Besides those we recommend a number of other ones as well. In general it is better to provide as many as you can.

basisOfRecord

  • type
  • associatedReferences

occurrenceID

  • institutionCode
  • collectionCode
  • catalogNumber

scientificName, scientificNameID

  • scientificNameAuthorship
  • IdentificationQualifier
  • taxonrank

occurrenceStatus

  • organismQuantity
  • organismQuantityType
  • sex
  • lifeStage
  • behavior
  • occurrenceRemarks
  • identifiedBy
  • dateIdentified

decimalLongitude, decimalLatitude

  • geodeticDatum
  • coordinateUncertaintyInMeters

eventDate

  • year
  • month
  • Day
  • Time
  • Timezone
  • samplingProtocol

7.4.1 What

7.4.1.1 basisOfRecord

Additional term

type, associatedReferences

basisOfRecord describes the nature of record. It has a to follow a specific vocabulary. Some of these might overlap sometimes. That is why it is useful to use type as well.

  • PreservedSpecimen A specimen that has been preserved. This can be a museum specimen, a plant on an herbarium sheet, fish in a bag in a freezer.
  • FossilSpecimen A resource describing a fossilized specimen.
  • LivingSpecimen A resource describing a living specimen. For instance an animal in a zoo.
  • MaterialSample A resource describing a material sample. For instance a material sample from an organism in the wild and sample put into a collection (blood sample, biopsy).
  • HumanObservation A resource describing an observation made by one or more people. For instance an organism observed in the wild and written in field notes. Samples that were collected during an expedition but thrown back into the sea.
  • MachineObservation An output of a machine observation process. Any kind of automated sensor like camera traps.
  • Occurrence A resource describing an instance of the Occurrence class. NOTE: this value is ambiguous and hence should only be used when the resource type is unknown.

type

The nature or genre of the resource. Must be populated with a value from the DCMI type vocabulary.
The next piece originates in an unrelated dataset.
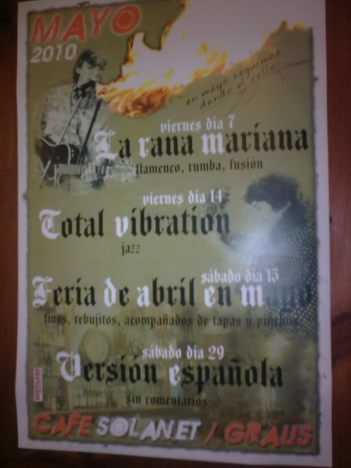 Una vez más el grupo de versiones pop en castellano, Versión Española, actuará el próximo 29 de mayo de 2010 en el Café Solanet de Graus. El concierto promete ser animado, y con buen ambiente, ya que ese día se celebran en Graus varios acontecimientos sociales, como por ejemplo, la marcha cicloturista clásicos de la Ribagorza, por lo que se espera un gran ambiente en Café Solanet.

Options include: Image, StillImage, MovingImage, Interactive Resource, PhysicalObject, Sound, Text, PhysicalObject, Collection, Dataset, Event, Service, Software.

associatedReferences A list (concatenated and separated) of identifiers (publication, bibliographic reference, global unique identifier, URI) of literature associated with the occurrence.

Example: If you want to add a record from literature you should use basisOfRecord:HumanObservation with type:Text in combination with associatedReferences:Bibliographic reference

7.4.1.2 occurrenceID

Additional Terms

institutionCode, collectionCode, catalogNumber

occurrenceID is an identifier for the occurrence record and should be globally unique and persistent. In the absence of a persistent global unique identifier, construct one from a combination of identifiers in the record that will most closely make the occurrenceID globally unique. Something like the combination of institutionCode, collectionCode, and catalogNumber is a generally used format.

There are a number of other terms that you could use as well like datasetName and datasetID.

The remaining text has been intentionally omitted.